For every widget in the population, we want to determine the most recent test.

The two queries below show two different approaches to the solution.

However, the first query runs like lightning, whereas the second query seems to spin forever. Why? Is there something obviously inferior about the second query, or is this just one of those optimizer flukes?

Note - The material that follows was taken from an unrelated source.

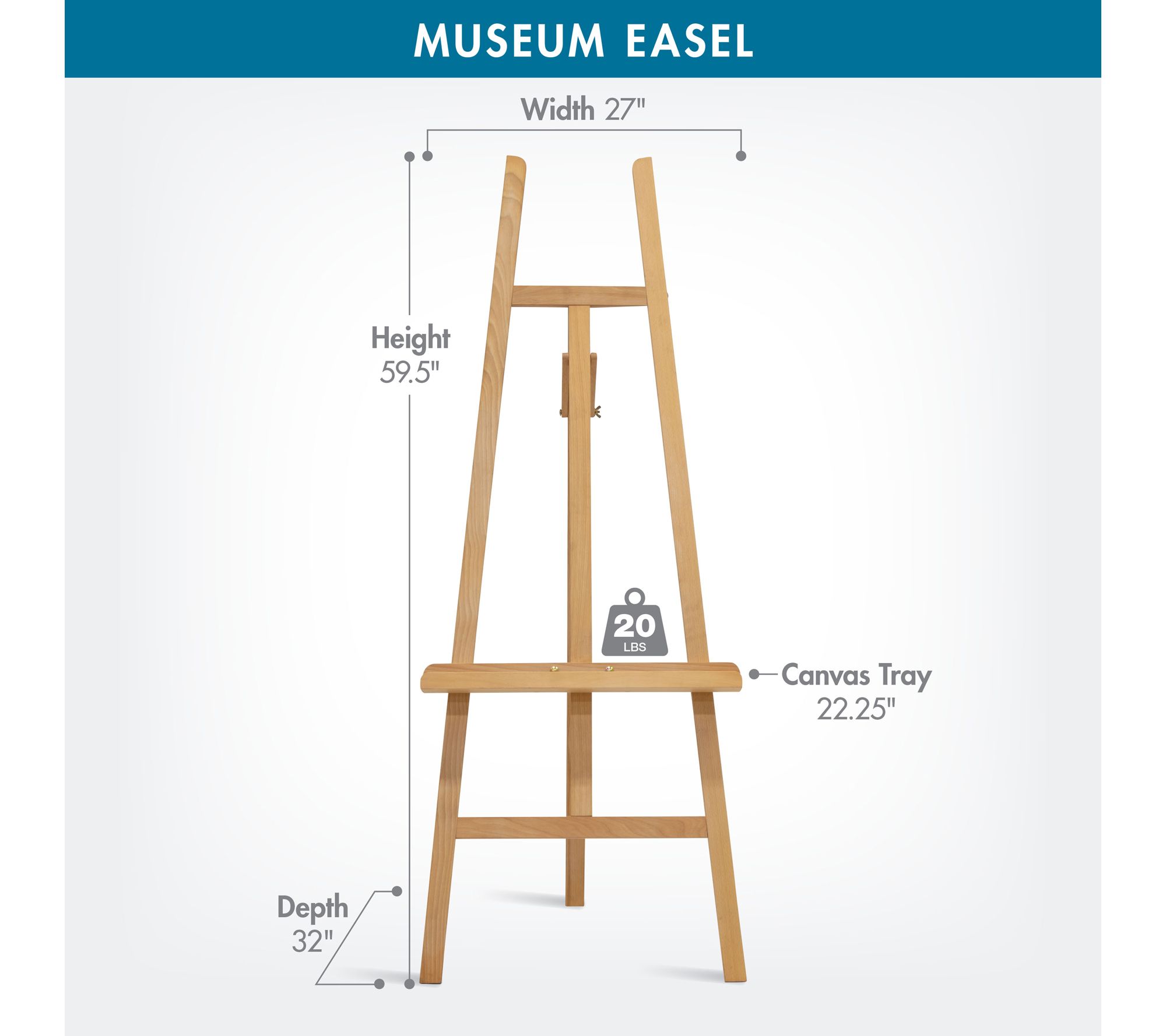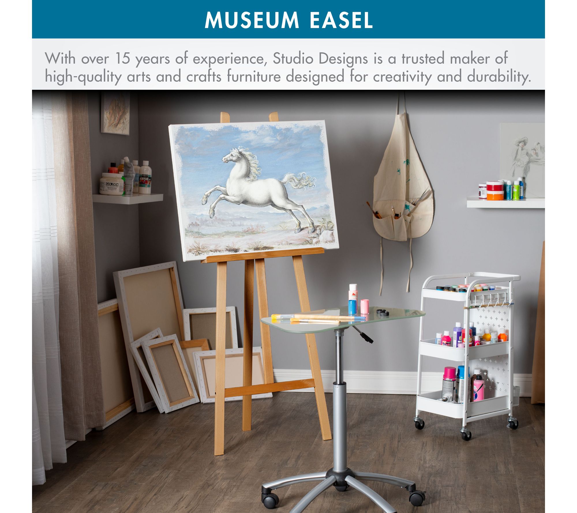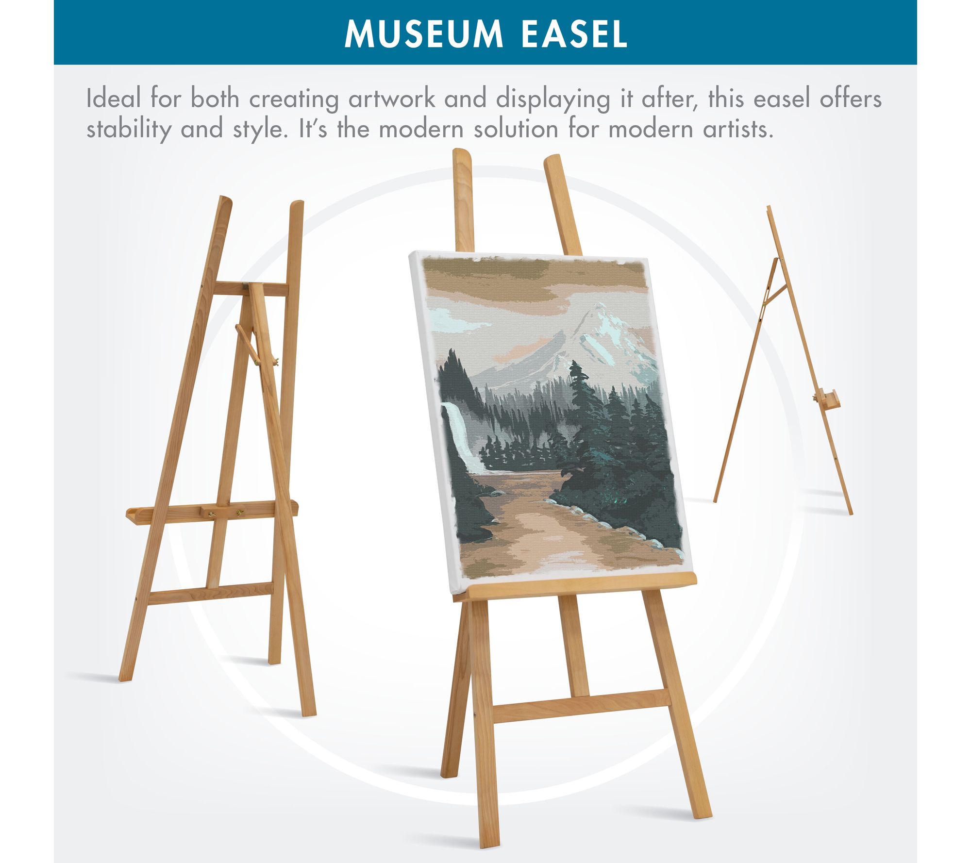 Elevate your creative space with this Museum Display Art Lyre Easel, designed to secure your artwork while you paint and showcase it when complete. The smooth sanded Birch hardwood finish adds a refined touch, and its adjustable angle allows for versatile use. The easel conveniently folds flat for easy storage. From Studio Designs.

We realize that having an inequality in the join predicate is not optimal because it can't take advantage of pre-ordering and merging, but it seems to us that the correlated subquery is just as taxing because it has to run the inner query for every row of the outer query. So, to our minds, both queries should be equally inefficient.

SELECT   A.serial_ID,
         (SELECT MAX(B.serial_ID) FROM widgets_tested AS B 
             WHERE A.serial_ID >= B.serial_ID) AS [ID of most recent test]
FROM     widgets_population AS A
;




SELECT   A.serial_ID,
         MAX(B.serial_ID) AS [ID of most recent test]
FROM     widgets_population AS A
         INNER JOIN
         widgets_tested AS B
         ON A.serial_ID >= B.serial_ID
GROUP BY A.serial_ID
;

Note: It may not be possible to give more information about the DDL statements of the relevant tables and execution plans because the widgets tables are just sanitized stand-ins for the original tables. We just wanted to ask the community if there is something obviously wacky or inefficient about the logical structure of the second query.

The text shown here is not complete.